[Stored dataset items]
....................
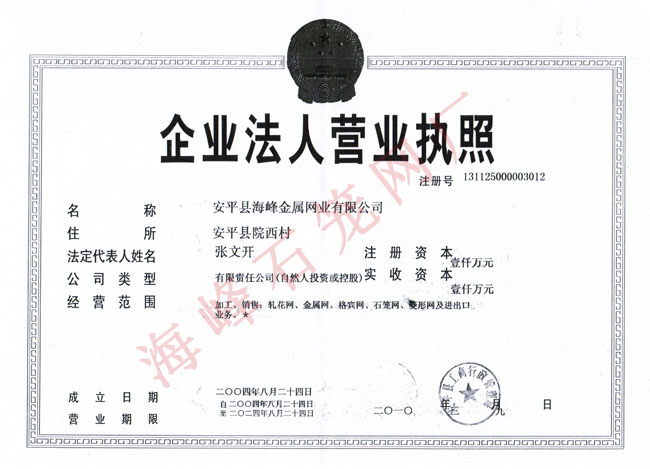 - 安平縣海峰金屬網(wǎng)業(yè)有限公司 安平縣海峰金屬網(wǎng)業(yè)有限公司位于中國(guó)著名的“絲網(wǎng)之鄉(xiāng)”——河北省安平縣,是具有拉絲織網(wǎng)、焊接、剪裁、噴塑、浸塑成品等一整套生產(chǎn)工藝的專業(yè)化廠家。本公司經(jīng)過(guò)多年來(lái)的順勢(shì)發(fā)展,現(xiàn)已擁有廣闊的生產(chǎn)廠房和優(yōu)良的辦公環(huán)境,占地8500平方米,在廠職工100余人。擁有高深的技術(shù)人員,高端的生產(chǎn)設(shè)備,全自動(dòng)的機(jī)械化生產(chǎn)流水線,站在了軋花網(wǎng)、石籠網(wǎng)同行業(yè)的頂端。 查看更多>>
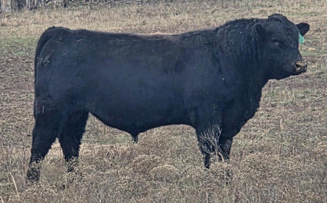 A fall born calf, but don’t let his age scare you. This young bull was to be our futurity entry for the Breeders Choice Balancer Bull Futurity, but the fall got away from us so he never was halterbroke or made it to the show ring. Hes loaded with calving ease, his cow is an absolute rockstar, perfect uddered. Homo black and polled by pedigree.
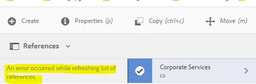 References option in AEM content is showing Internal server Error
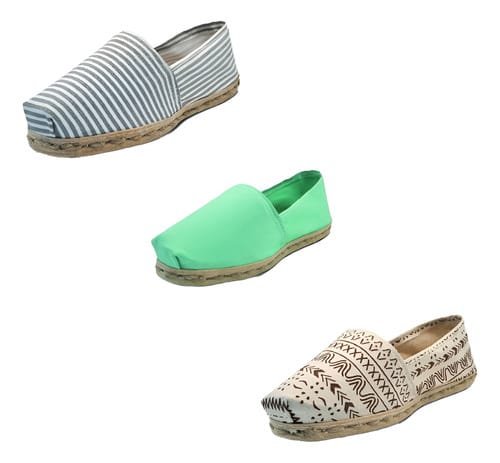 TriPack de alpargata iberia con modelos ray gris/blan, turquesa, crudo étnico con un rango de talla de 34 a 39.
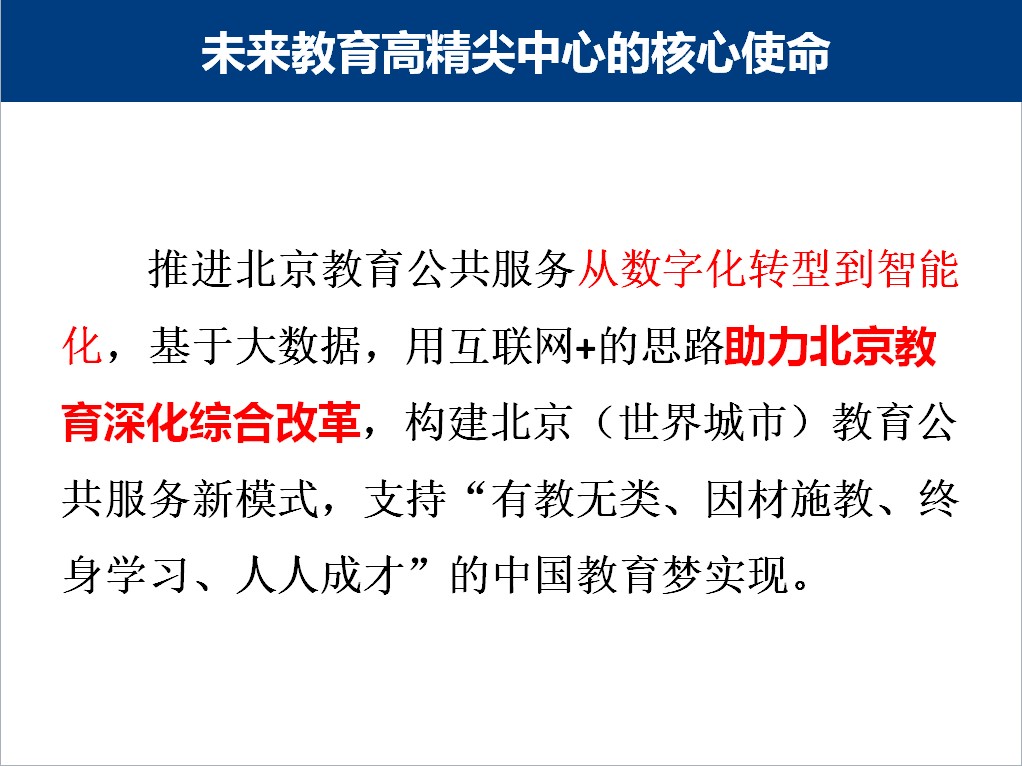 2016年11月11日,北京师范大学副校长陈丽教授、未来教育高精尖创新中心执行主任余胜泉教授赴北京市教委,参加“北京高校高精尖创新中心工作汇报会议”。来自清华大学、北京大学、北京师范大学、北京理工大学等高校的9个高精尖创新中心的负责人和代表参加会议,并在会议上进行工作交流。北京市教委刘宇辉主任、叶茂林副主任听取了中心余胜泉主任的汇报,包括中心和学校的制度建设情况、中心建设工作进展以及中心近期远期建设预期等。
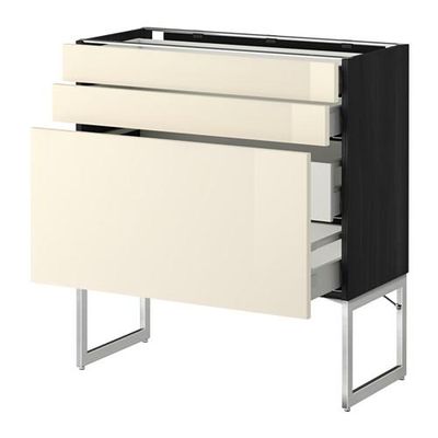 МЕТОД / МАКСИМЕРА Напольн шкаф 3фронт пнл/2низ/2ср ящ - 80x37x60 см, Рингульт глянцевый кремовый, под дерево черный
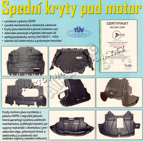 - kryty motoru jsou vyrobeny z kvalitního HDPE plastu, garantují vysokou mechanickou odolnost včetně neprosakování benzínu, oleje nebo elekrolytu z baterie, plně nahradí originální díl, který je často i několkanásobně dražší, tyto kryty splňují ISO 9001 a mají německý certifikát TUV
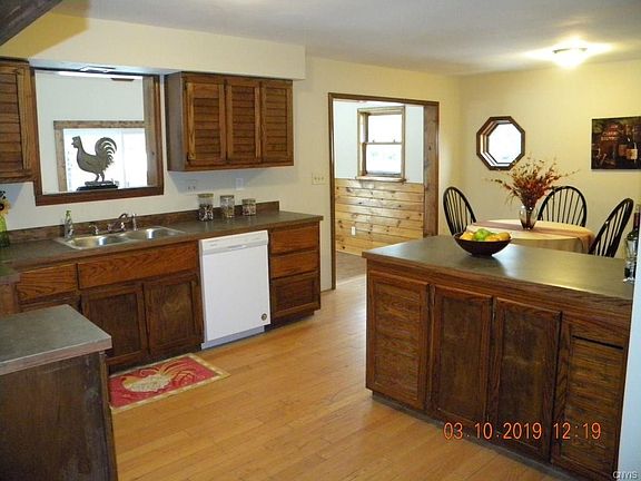 Features include new roof, windows, gas furnace, some floor covering, interior paint, countertop, overhead garage door, hot water heater and dishwasher. 2 two car detached garages, one has a workshop.
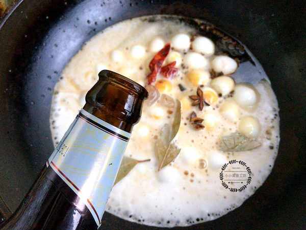 3、最後加入啤酒大火煮開後轉小火慢鹵30分鐘即可。
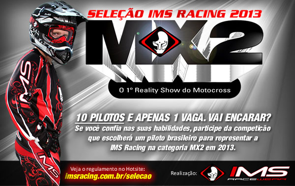 a Equipe IMS Racing de Motocross divulgou um formato diferente para escolha de um atleta da categoria MX2 que irá representá-la nas pistas em 2013. Uma espécie de reality show, que será gravado e divulgado na internet, mostrará todo o processo de escolha do companheiro de Adam Chatfield, Wellingon Valadares e Cristiano Lopes.
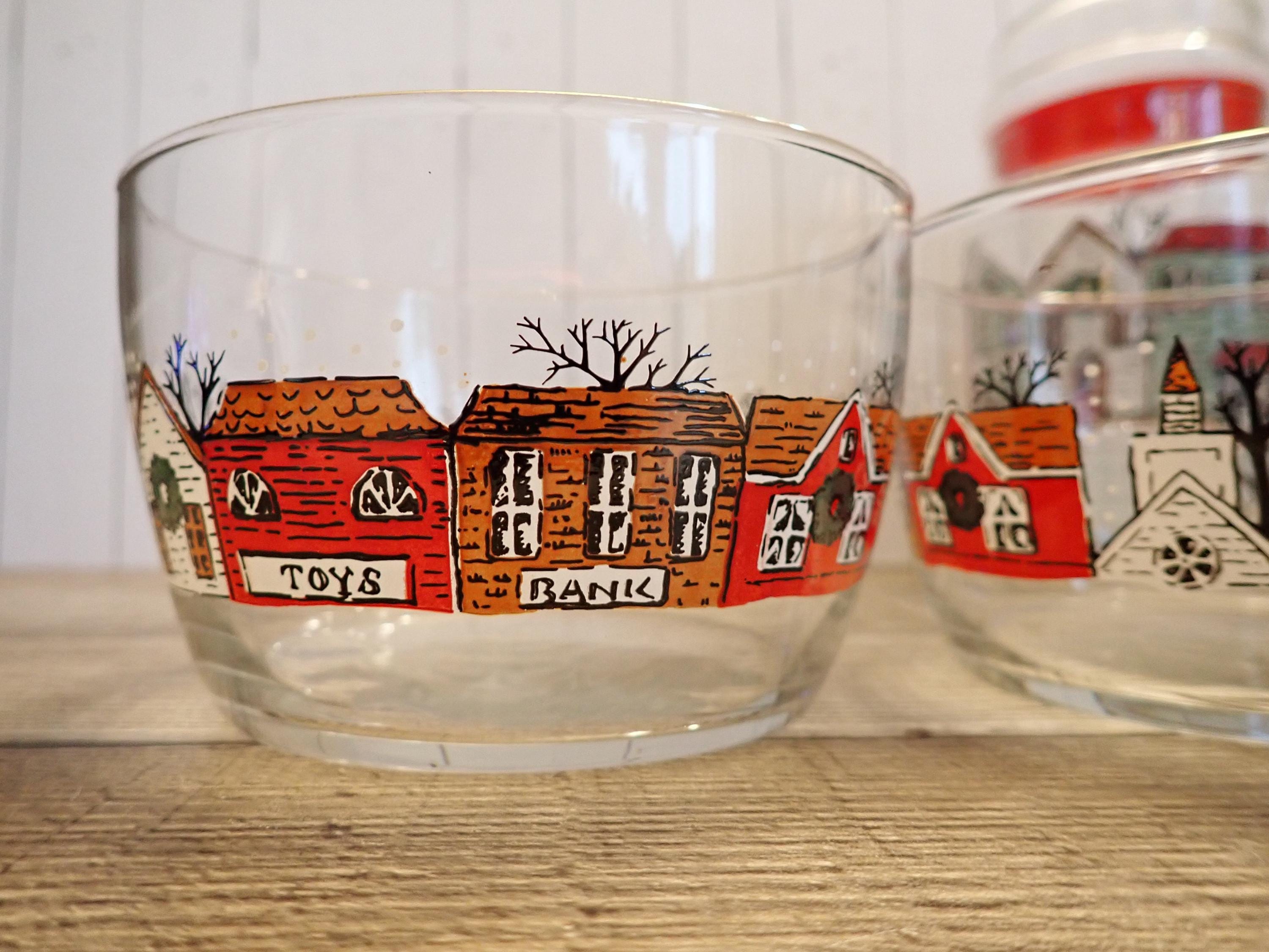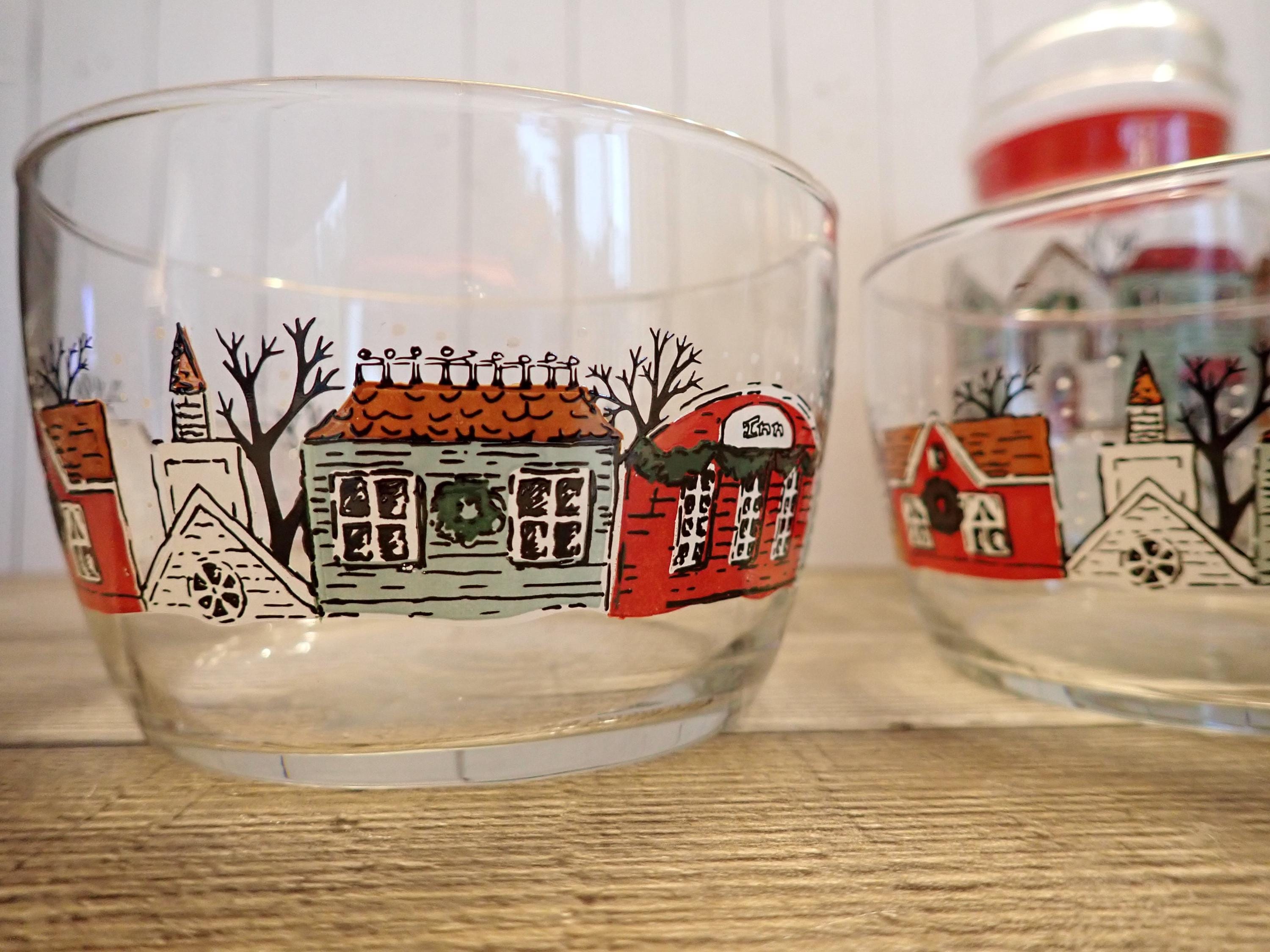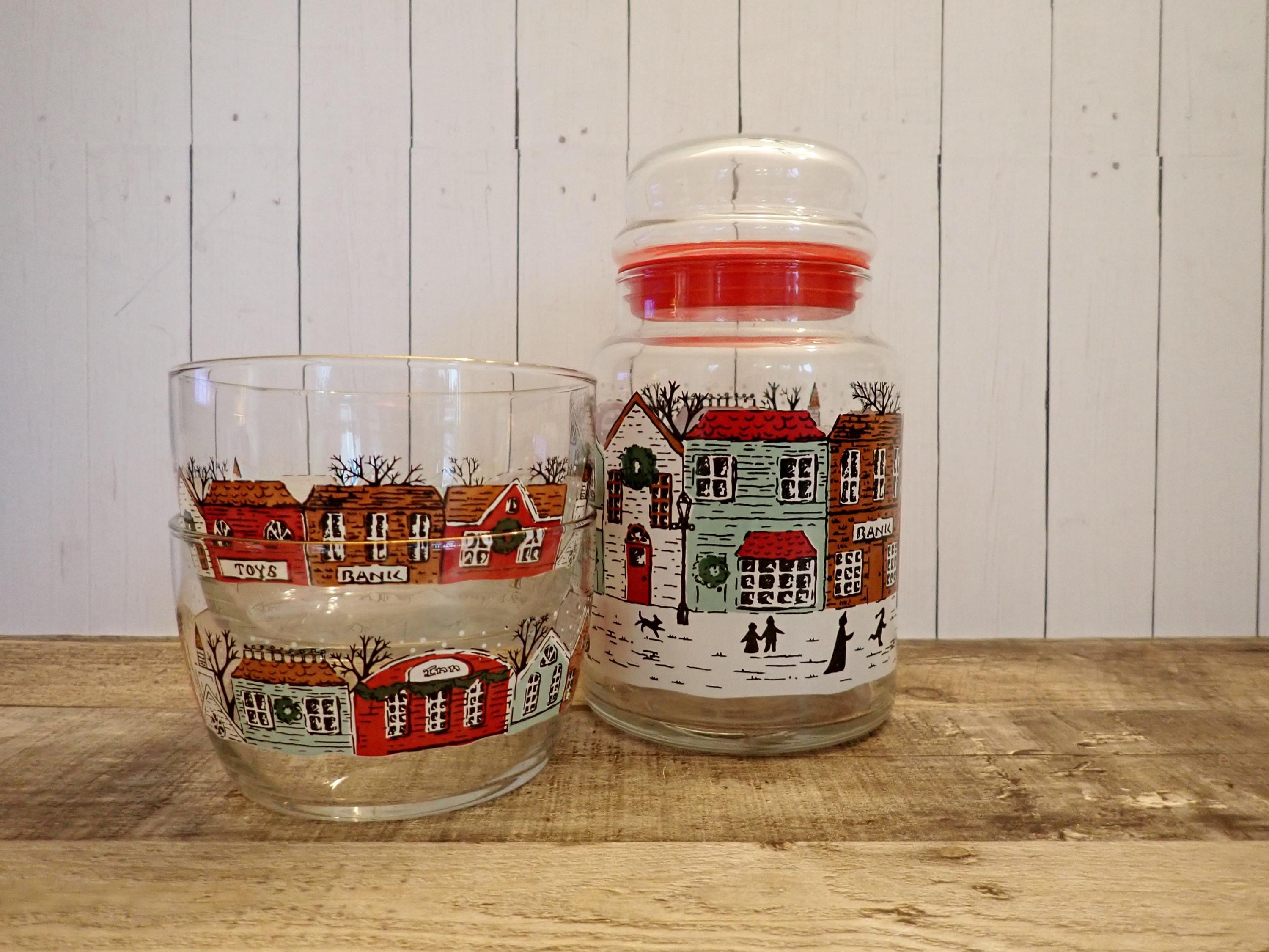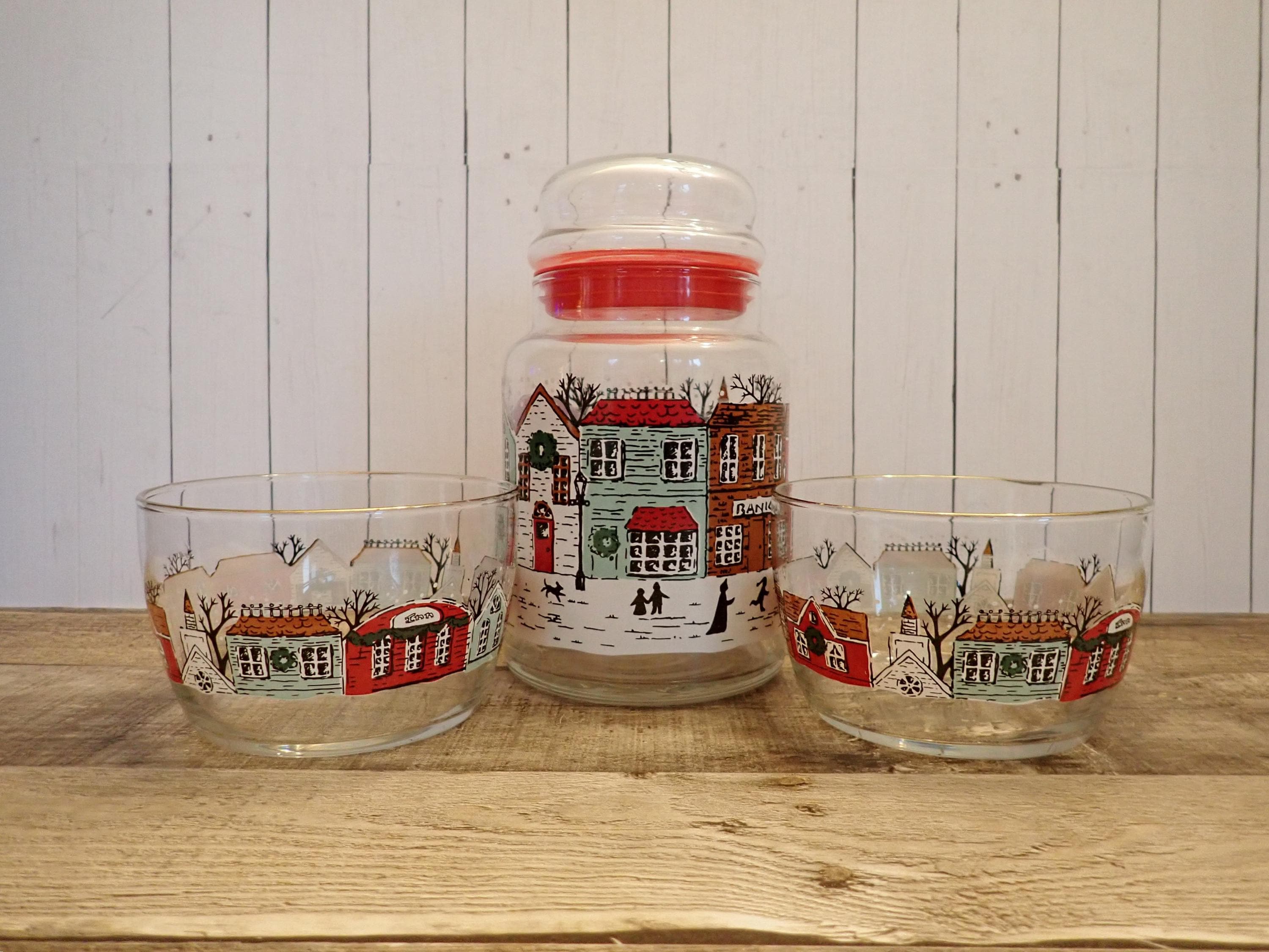 This fun glass canister and bowl set includes a matching canister and 2 candy bowls. The glass canister is 4" in diameter and 7" tall with the lid on. The canister is a clear glass and has a red, green, and brown winter village scene around the canister. The candy bowls are 4.25" in diameter and 3" tall and have the same village pattern. The canister lid has a red plastic seal around the bottom for a snug fit. The canister and bowls are all in very good condition with no chips or cracks. All of the graphics are bright and clear. Great little canister and bowl set for Christmas candy!
....................
» **Your instructions**
Above, find the line with "References option in"; copy it and every line down to the line with "a Equipe IMS", exactly and both included, but no pictures.

» **Expected answer**
 References option in AEM content is showing Internal server Error
 TriPack de alpargata iberia con modelos ray gris/blan, turquesa, crudo étnico con un rango de talla de 34 a 39.
 2016年11月11日,北京师范大学副校长陈丽教授、未来教育高精尖创新中心执行主任余胜泉教授赴北京市教委,参加“北京高校高精尖创新中心工作汇报会议”。来自清华大学、北京大学、北京师范大学、北京理工大学等高校的9个高精尖创新中心的负责人和代表参加会议,并在会议上进行工作交流。北京市教委刘宇辉主任、叶茂林副主任听取了中心余胜泉主任的汇报,包括中心和学校的制度建设情况、中心建设工作进展以及中心近期远期建设预期等。
 МЕТОД / МАКСИМЕРА Напольн шкаф 3фронт пнл/2низ/2ср ящ - 80x37x60 см, Рингульт глянцевый кремовый, под дерево черный
 - kryty motoru jsou vyrobeny z kvalitního HDPE plastu, garantují vysokou mechanickou odolnost včetně neprosakování benzínu, oleje nebo elekrolytu z baterie, plně nahradí originální díl, který je často i několkanásobně dražší, tyto kryty splňují ISO 9001 a mají německý certifikát TUV
 Features include new roof, windows, gas furnace, some floor covering, interior paint, countertop, overhead garage door, hot water heater and dishwasher. 2 two car detached garages, one has a workshop.
 3、最後加入啤酒大火煮開後轉小火慢鹵30分鐘即可。
 a Equipe IMS Racing de Motocross divulgou um formato diferente para escolha de um atleta da categoria MX2 que irá representá-la nas pistas em 2013. Uma espécie de reality show, que será gravado e divulgado na internet, mostrará todo o processo de escolha do companheiro de Adam Chatfield, Wellingon Valadares e Cristiano Lopes.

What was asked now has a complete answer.